Collected data entries
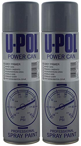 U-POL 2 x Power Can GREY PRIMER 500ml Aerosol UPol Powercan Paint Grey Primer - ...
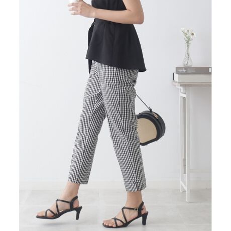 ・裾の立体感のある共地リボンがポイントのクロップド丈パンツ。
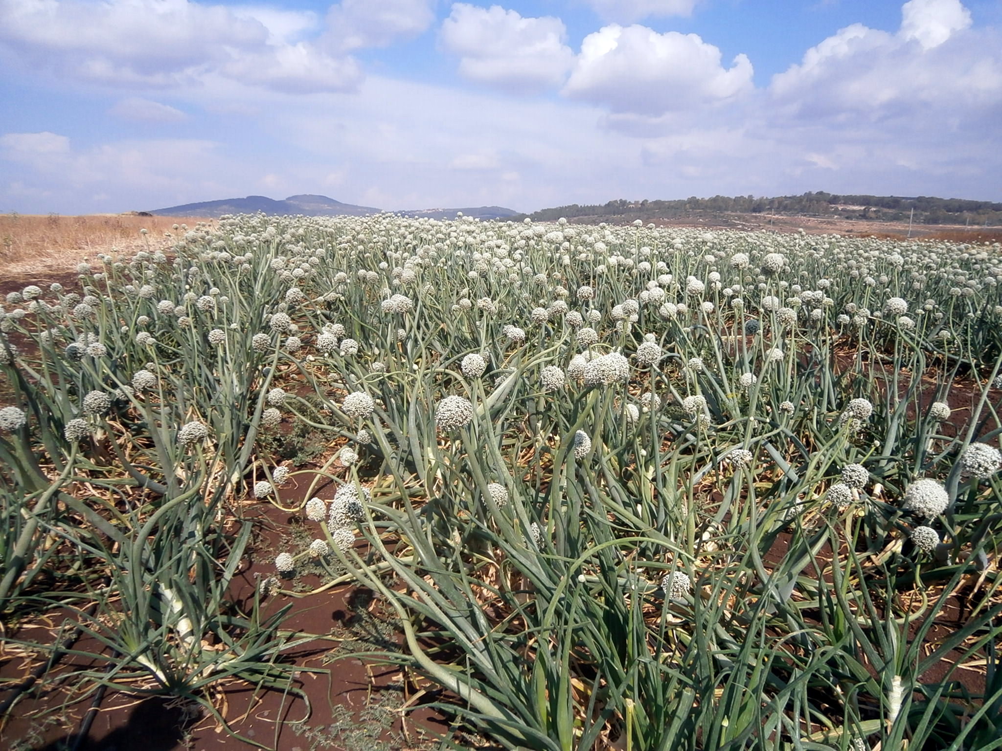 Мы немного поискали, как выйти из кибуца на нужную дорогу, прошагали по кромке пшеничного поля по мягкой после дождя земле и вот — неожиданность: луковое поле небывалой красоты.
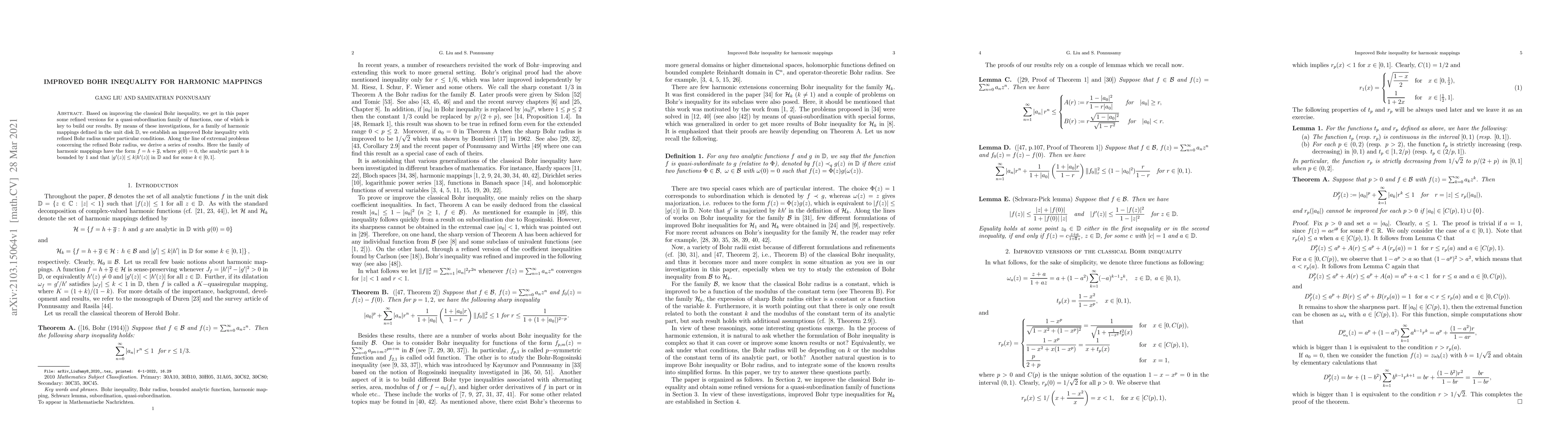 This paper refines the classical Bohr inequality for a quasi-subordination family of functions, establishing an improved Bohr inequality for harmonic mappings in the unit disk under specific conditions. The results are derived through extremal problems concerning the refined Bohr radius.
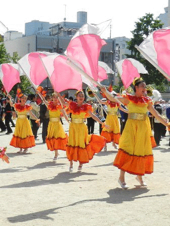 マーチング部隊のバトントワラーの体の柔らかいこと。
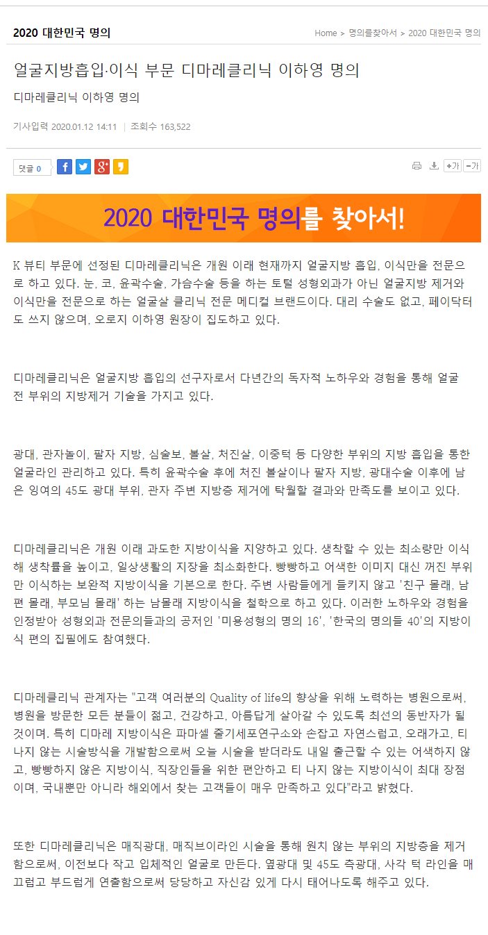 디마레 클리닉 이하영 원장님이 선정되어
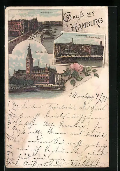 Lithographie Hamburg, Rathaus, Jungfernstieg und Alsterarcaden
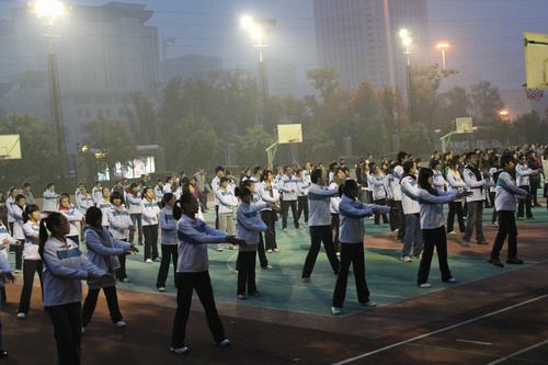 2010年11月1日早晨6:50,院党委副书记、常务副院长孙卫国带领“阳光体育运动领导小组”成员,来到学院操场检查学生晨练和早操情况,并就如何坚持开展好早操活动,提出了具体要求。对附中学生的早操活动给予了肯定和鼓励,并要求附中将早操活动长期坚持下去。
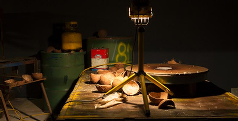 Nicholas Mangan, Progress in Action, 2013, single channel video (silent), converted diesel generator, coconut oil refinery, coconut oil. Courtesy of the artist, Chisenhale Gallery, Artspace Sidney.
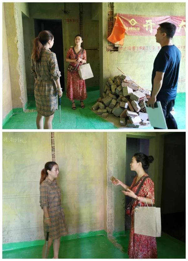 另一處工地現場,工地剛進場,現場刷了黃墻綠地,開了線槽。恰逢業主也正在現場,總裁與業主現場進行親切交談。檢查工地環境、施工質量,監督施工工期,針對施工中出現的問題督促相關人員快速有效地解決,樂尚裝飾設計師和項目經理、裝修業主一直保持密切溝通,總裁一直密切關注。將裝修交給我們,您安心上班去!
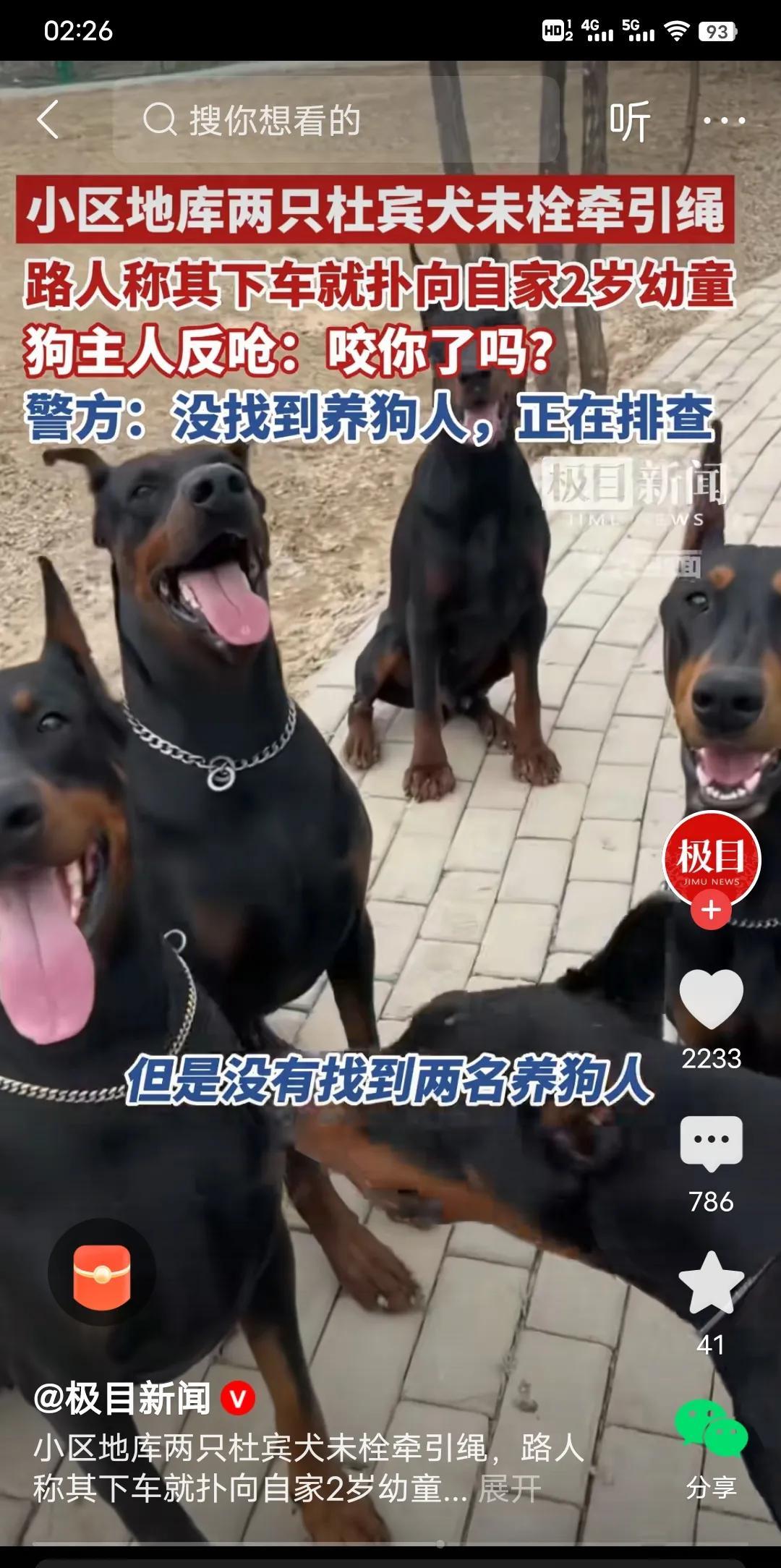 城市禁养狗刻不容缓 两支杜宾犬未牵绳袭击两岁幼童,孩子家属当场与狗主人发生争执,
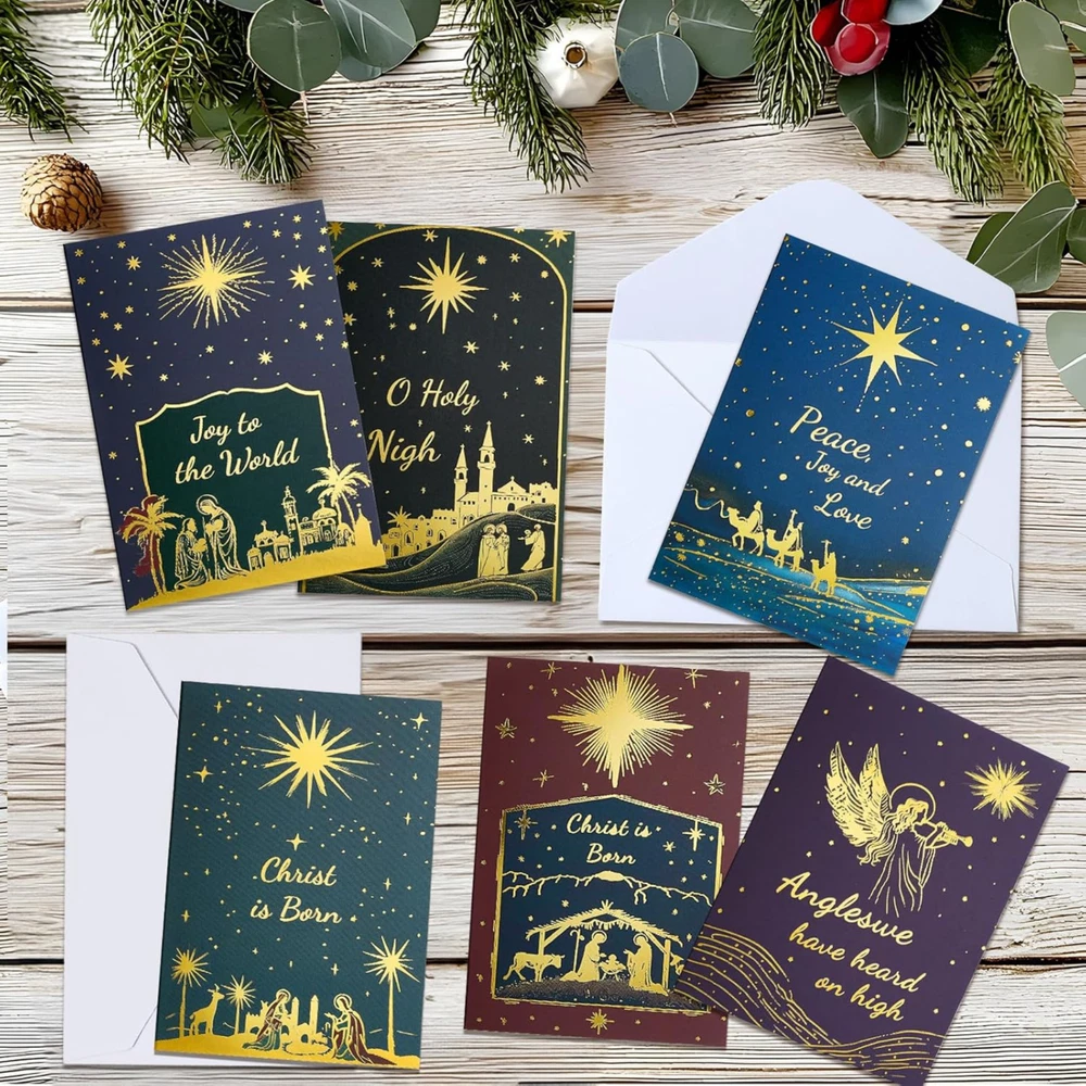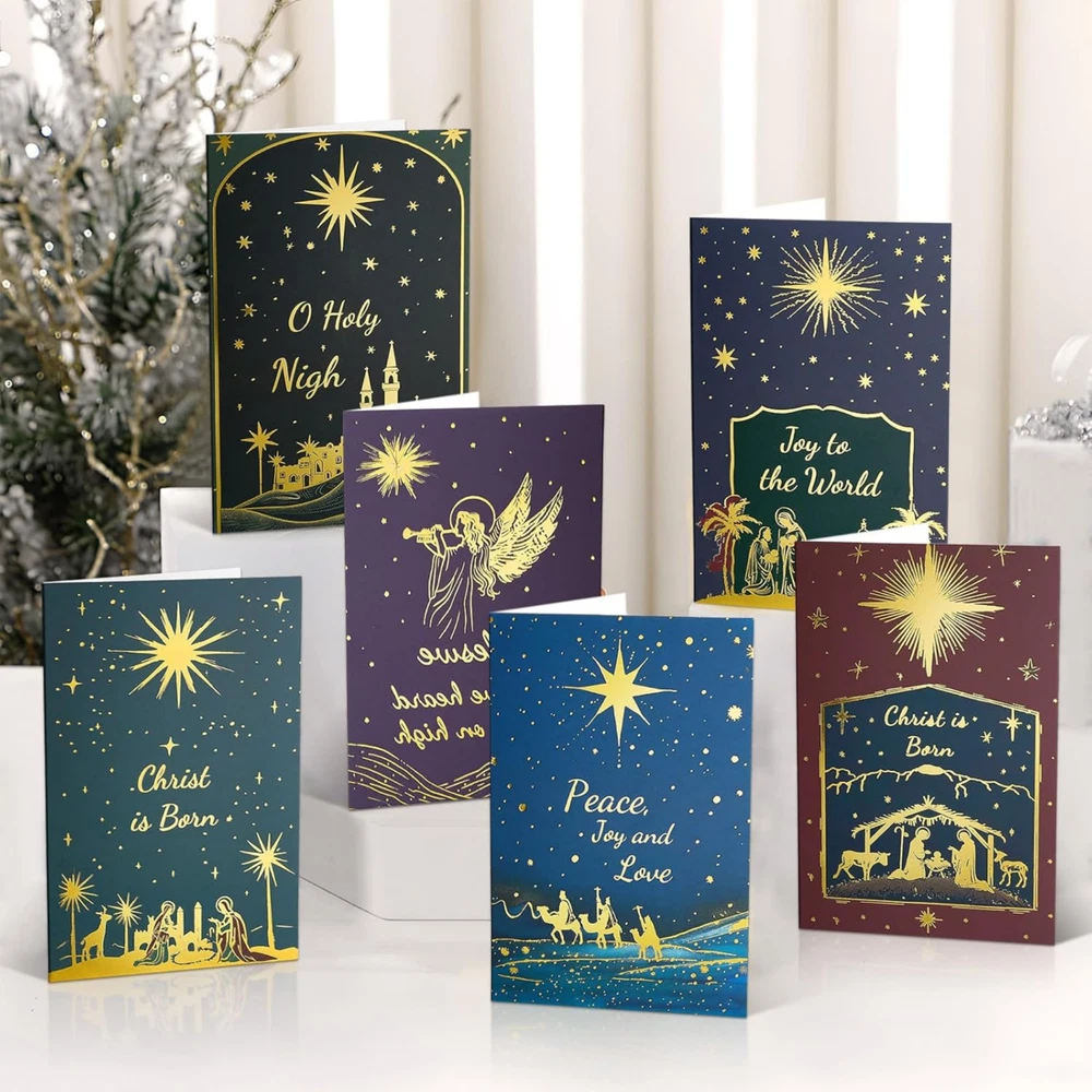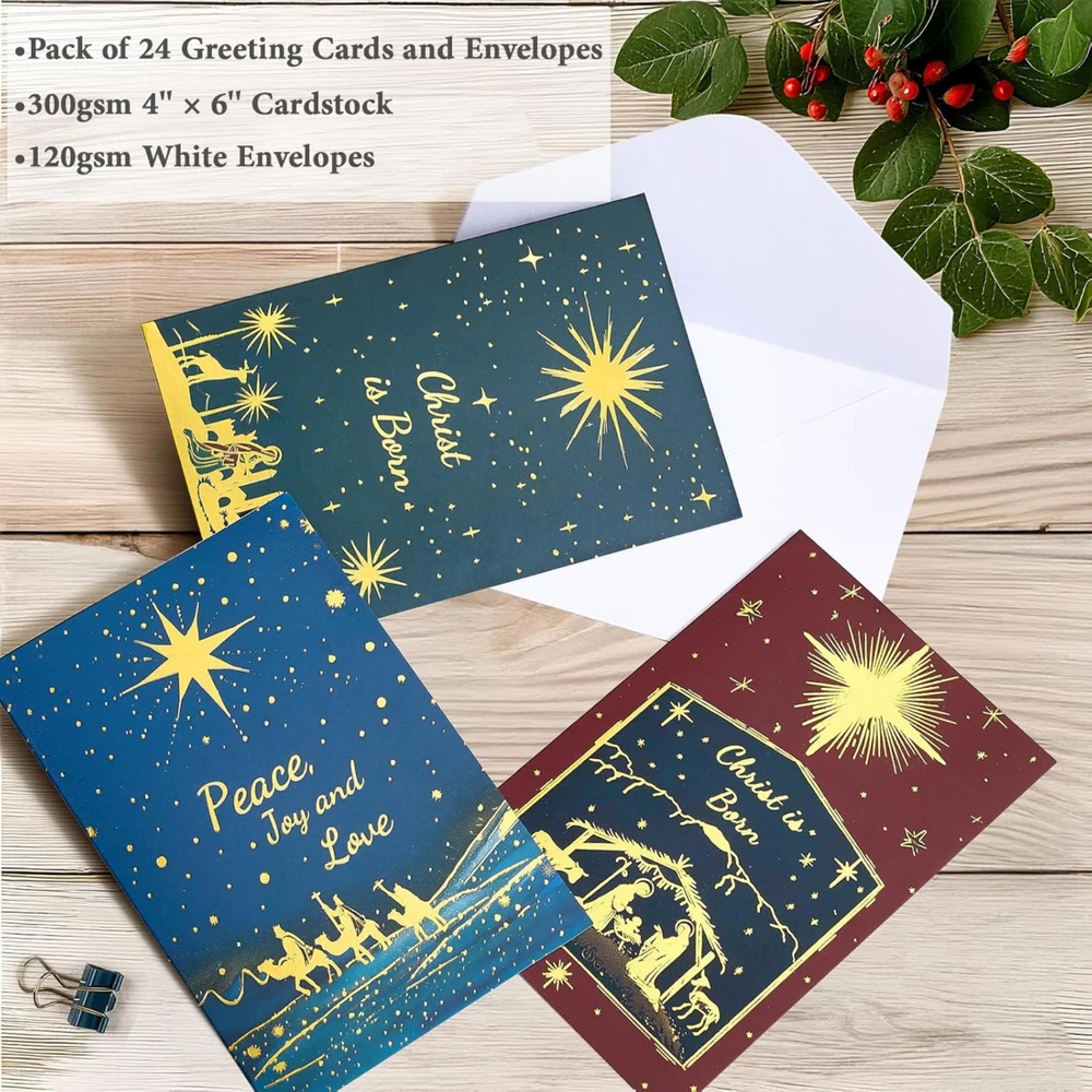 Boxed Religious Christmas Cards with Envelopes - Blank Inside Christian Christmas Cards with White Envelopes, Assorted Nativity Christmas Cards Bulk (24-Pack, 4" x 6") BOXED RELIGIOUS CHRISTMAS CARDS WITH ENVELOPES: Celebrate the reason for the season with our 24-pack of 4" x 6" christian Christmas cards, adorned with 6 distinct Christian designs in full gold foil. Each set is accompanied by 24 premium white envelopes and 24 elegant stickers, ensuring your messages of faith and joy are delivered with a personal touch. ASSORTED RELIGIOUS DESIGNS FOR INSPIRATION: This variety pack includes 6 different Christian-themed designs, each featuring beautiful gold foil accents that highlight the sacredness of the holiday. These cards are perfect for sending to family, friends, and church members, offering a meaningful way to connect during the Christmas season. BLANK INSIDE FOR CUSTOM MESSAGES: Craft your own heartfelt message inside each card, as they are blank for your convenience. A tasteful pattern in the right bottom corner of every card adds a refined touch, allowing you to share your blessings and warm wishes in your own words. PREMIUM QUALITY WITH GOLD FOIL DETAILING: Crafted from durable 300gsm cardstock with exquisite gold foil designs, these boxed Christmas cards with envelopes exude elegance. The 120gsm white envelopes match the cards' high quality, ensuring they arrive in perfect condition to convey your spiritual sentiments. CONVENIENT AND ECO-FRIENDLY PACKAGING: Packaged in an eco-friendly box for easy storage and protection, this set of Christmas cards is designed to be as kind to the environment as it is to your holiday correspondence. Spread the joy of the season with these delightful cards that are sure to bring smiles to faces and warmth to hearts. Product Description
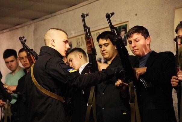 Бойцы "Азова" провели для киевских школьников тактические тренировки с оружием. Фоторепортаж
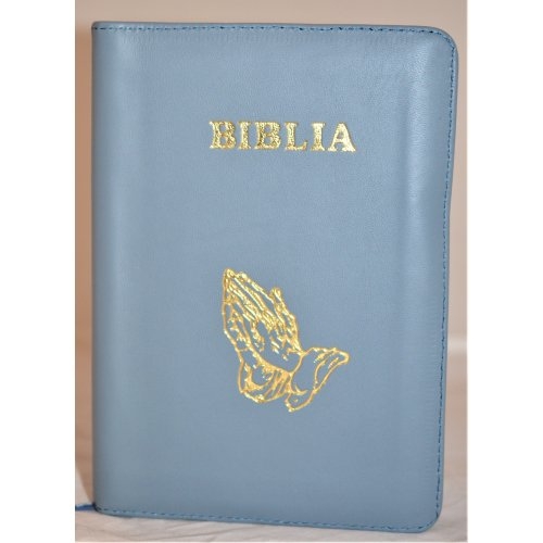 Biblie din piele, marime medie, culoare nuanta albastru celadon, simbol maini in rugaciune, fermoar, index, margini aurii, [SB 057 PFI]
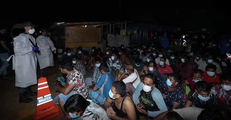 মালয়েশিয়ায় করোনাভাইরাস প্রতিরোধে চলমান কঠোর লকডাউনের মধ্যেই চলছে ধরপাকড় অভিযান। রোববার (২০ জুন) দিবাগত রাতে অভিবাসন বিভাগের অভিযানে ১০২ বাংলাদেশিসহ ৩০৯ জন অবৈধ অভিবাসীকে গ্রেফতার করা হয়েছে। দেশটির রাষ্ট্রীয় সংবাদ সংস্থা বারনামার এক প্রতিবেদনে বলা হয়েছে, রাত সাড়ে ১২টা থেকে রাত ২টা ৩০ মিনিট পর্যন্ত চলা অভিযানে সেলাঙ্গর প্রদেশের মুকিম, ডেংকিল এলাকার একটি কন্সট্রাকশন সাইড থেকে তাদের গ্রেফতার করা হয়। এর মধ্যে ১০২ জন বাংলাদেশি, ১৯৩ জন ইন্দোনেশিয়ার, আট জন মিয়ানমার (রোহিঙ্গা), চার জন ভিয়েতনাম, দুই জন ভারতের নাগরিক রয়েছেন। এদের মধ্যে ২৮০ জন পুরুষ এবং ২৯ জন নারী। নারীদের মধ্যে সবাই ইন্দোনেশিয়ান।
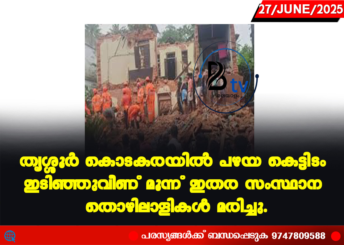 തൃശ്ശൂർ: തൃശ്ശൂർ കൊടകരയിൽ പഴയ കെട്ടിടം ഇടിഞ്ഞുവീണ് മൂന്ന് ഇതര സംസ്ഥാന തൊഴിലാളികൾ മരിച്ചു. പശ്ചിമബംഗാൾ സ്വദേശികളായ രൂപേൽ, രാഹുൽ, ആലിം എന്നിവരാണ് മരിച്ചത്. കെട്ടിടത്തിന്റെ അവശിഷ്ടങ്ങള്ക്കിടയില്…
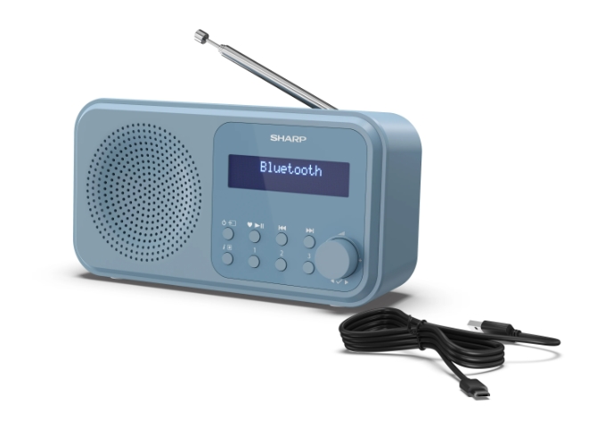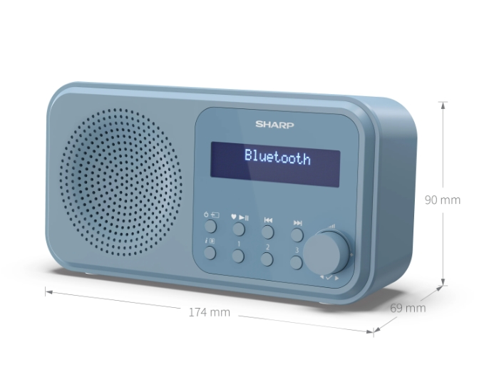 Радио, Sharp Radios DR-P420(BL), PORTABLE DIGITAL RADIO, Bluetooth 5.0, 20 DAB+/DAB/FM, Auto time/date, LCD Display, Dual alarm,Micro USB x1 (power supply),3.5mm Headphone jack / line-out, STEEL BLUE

**Action item**
What you write must match, line for line, the lines from the one with "Biblie din piele, marime" through the last line of the data above, minus the pictures.

**Problem solution**
 Biblie din piele, marime medie, culoare nuanta albastru celadon, simbol maini in rugaciune, fermoar, index, margini aurii, [SB 057 PFI]
 মালয়েশিয়ায় করোনাভাইরাস প্রতিরোধে চলমান কঠোর লকডাউনের মধ্যেই চলছে ধরপাকড় অভিযান। রোববার (২০ জুন) দিবাগত রাতে অভিবাসন বিভাগের অভিযানে ১০২ বাংলাদেশিসহ ৩০৯ জন অবৈধ অভিবাসীকে গ্রেফতার করা হয়েছে। দেশটির রাষ্ট্রীয় সংবাদ সংস্থা বারনামার এক প্রতিবেদনে বলা হয়েছে, রাত সাড়ে ১২টা থেকে রাত ২টা ৩০ মিনিট পর্যন্ত চলা অভিযানে সেলাঙ্গর প্রদেশের মুকিম, ডেংকিল এলাকার একটি কন্সট্রাকশন সাইড থেকে তাদের গ্রেফতার করা হয়। এর মধ্যে ১০২ জন বাংলাদেশি, ১৯৩ জন ইন্দোনেশিয়ার, আট জন মিয়ানমার (রোহিঙ্গা), চার জন ভিয়েতনাম, দুই জন ভারতের নাগরিক রয়েছেন। এদের মধ্যে ২৮০ জন পুরুষ এবং ২৯ জন নারী। নারীদের মধ্যে সবাই ইন্দোনেশিয়ান।
 തൃശ്ശൂർ: തൃശ്ശൂർ കൊടകരയിൽ പഴയ കെട്ടിടം ഇടിഞ്ഞുവീണ് മൂന്ന് ഇതര സംസ്ഥാന തൊഴിലാളികൾ മരിച്ചു. പശ്ചിമബംഗാൾ സ്വദേശികളായ രൂപേൽ, രാഹുൽ, ആലിം എന്നിവരാണ് മരിച്ചത്. കെട്ടിടത്തിന്റെ അവശിഷ്ടങ്ങള്ക്കിടയില്…
 Радио, Sharp Radios DR-P420(BL), PORTABLE DIGITAL RADIO, Bluetooth 5.0, 20 DAB+/DAB/FM, Auto time/date, LCD Display, Dual alarm,Micro USB x1 (power supply),3.5mm Headphone jack / line-out, STEEL BLUE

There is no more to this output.